Hacker News new | past | comments | ask | show | jobs | submit
I am trying to gain a basic understanding of this: Right now I have a 4TB DB on one large box. Is the idea that using a proxy tool like PGDog I could spin up 8 smaller boxes handling ~500GB each and then one medium box for the proxy?

Right now I have a project that has very heavy write traffic from multiple services and a web app that reads from this. We are starting to hit the point where no amount of indexing, query optimisation, caching or box upgrades is helping us. We are looking at maybe moving the bulk of the static data to clickhouse to reduce the DB size but I would love to hear if PgDog or other kind of sharding could be useful for this use case.

> 8 smaller boxes handling ~500GB each and then one medium box for the proxy?

That's exactly right. Get in touch (lev@pgdog.dev), happy to help or at the very least tell you what current works (or doesn't) so you know what your options are.

That's the idea of sharding. If you read the pgdog docs, you'll notice you need to tell it which shard server to route your request to - it doesn't just magically work. It's still providing value by reusing connections, which are particularly expensive in postgres.

Because it's not magic, you do still have to know what's going on under the hood, e.g. no cross-shard transactions.

I'd see if my application can benefit from read replicas before doing sharding, because sharding is difficult (if you care about data consistency). With replicas, each replica does have a full copy of the data and you only write to the master - you have to decide which transactions are suitable for running against replicas, which can lag slightly behind realtime. E.g. reading data to build a webpage is probably safe to do from a replica - any read-modify-write is not.

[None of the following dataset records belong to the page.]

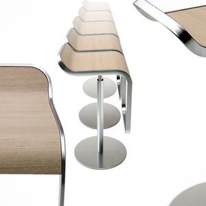 Poltrona lounge com concha de contraplacado folheado a freixo, estrutura e braços de madeira maciça de freixo. Poltrona lounge com encosto alto, concha estofada, estrutura e braços de madeira maciça de freixo. Banco de bar com concha de couro genuíno, estrutura de madeira maciça de freixo e apoio para os pés em aço inoxidável. Banco de bar com concha de contraplacado folheado a freixo, estrutura de madeira maciça de freixo e apoio para os pés em aço inoxidável.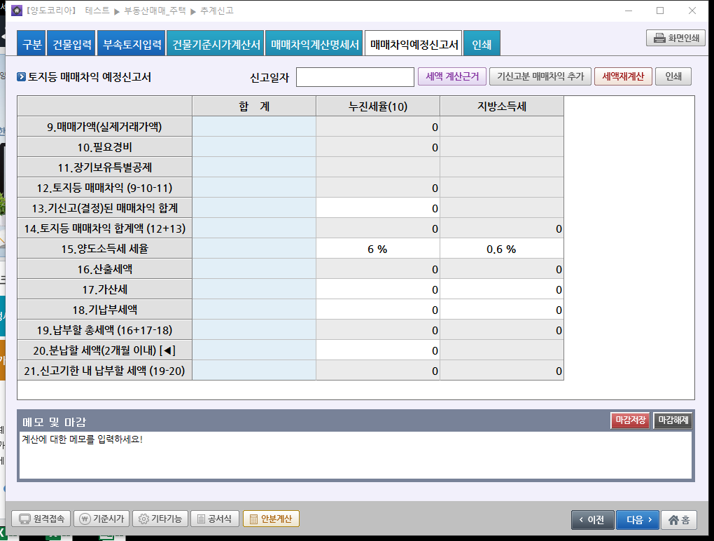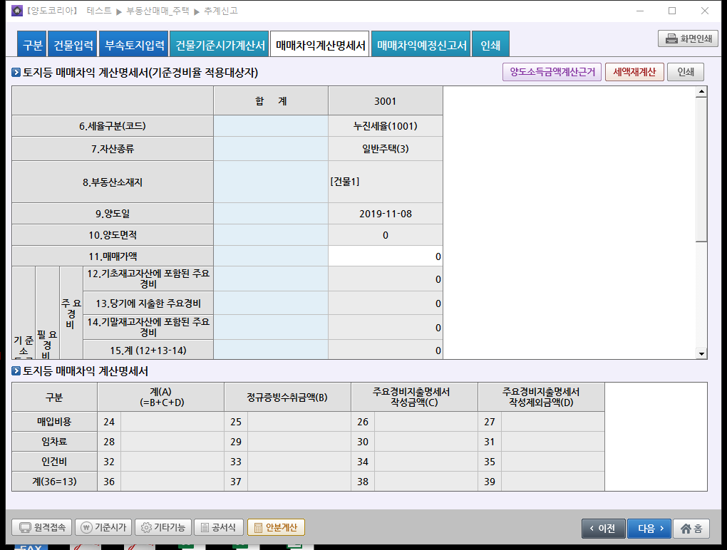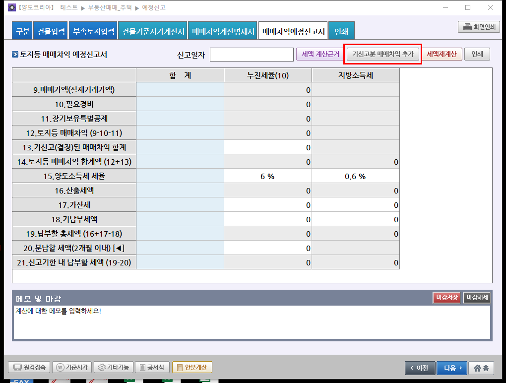 또한 토지등매매차익예정신고시 양도소득세 계산구조를 준용하여 계산하며 기존 매매차익과 합산신고 하는 것입니다.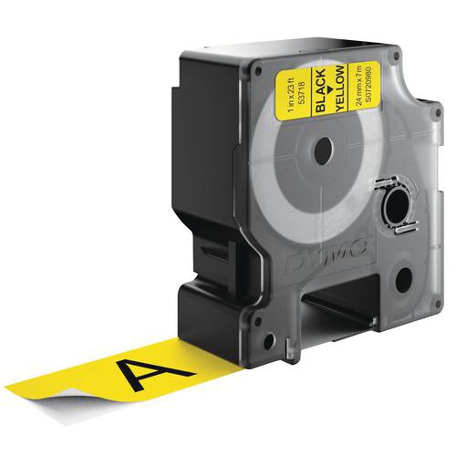 - Dymo D1 adhesive polyester tape cartridge, ultra-durable backing.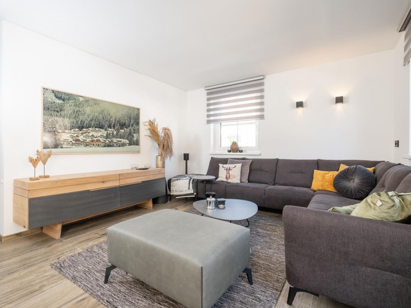 In the basement is a sauna with bath, two showers, sink and hairdryer. You will also find a ski storage room with ski boot dryer, storage room with washer and dryer and a garage with charging point for electric cars.
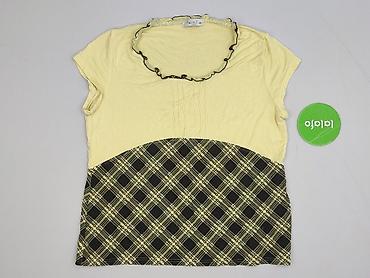 - Kolorystyka: góra w odcieniu pastelowej żółci; dół w skośnym łączeniu z dzianiną w czarno‑żółtą kratę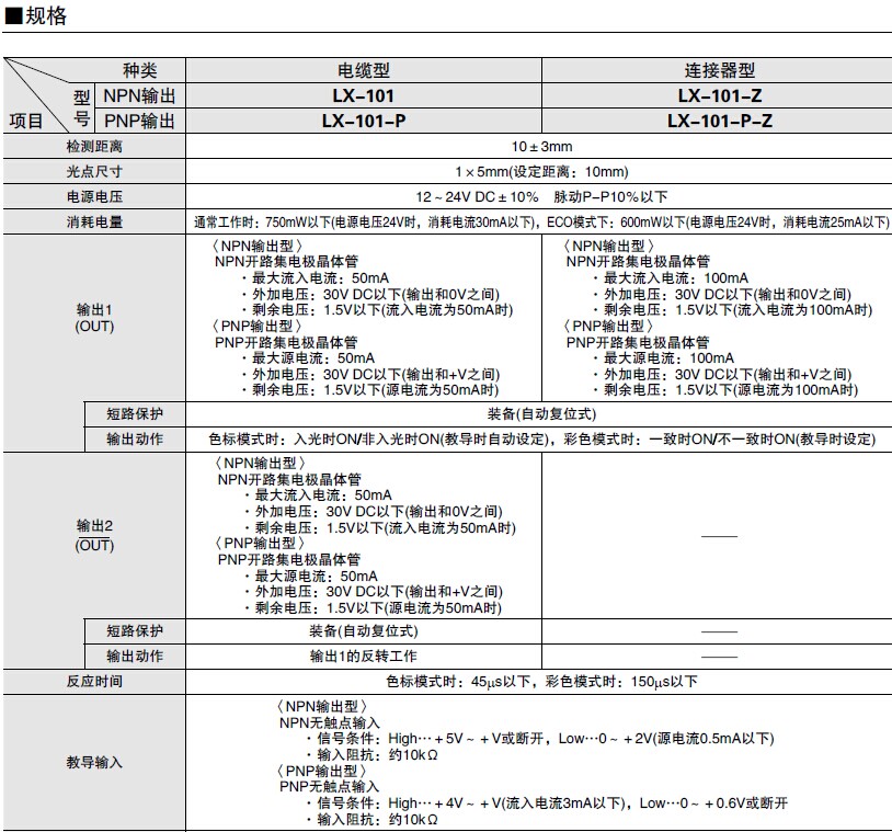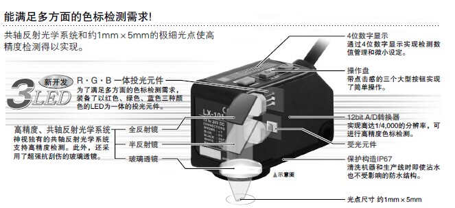 LX-100系列数字式色标传感器,放大器内置.
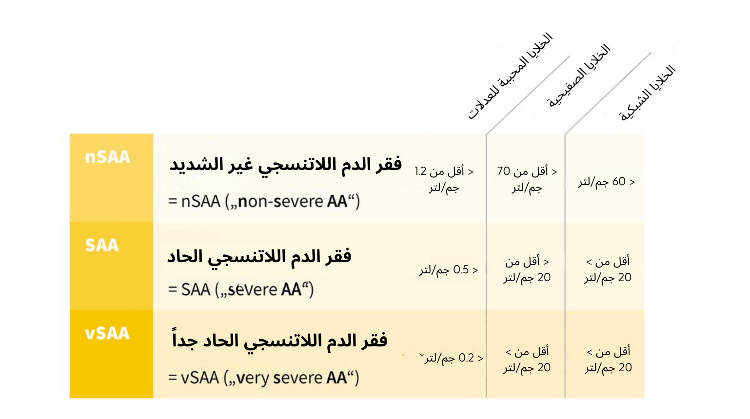 تصنيف فقر الدم اللاتنسجي بناءً على تعداد الدم (تعداد الخلايا والمسحة). يجب استيفاء معيارين من ثلاثة معايير. *للتصنيف على أنه فقر الدم اللاتنسجي، يجب استيفاء معيار الخلايا الحبيبية < 0.2 جم/لتر.

fwiw, we support cross-shard transactions. They are not magic though, just good old 2pc and a bit of coordination.
2pc is only safe if every part of the system has guaranteed uptime, which it never does. Assume that cross-shard transactions only work in the happy case and may result in inconsistent data otherwise.

They also reduce the benefit of sharding, possibly down to worse performance than a non-sharded DB.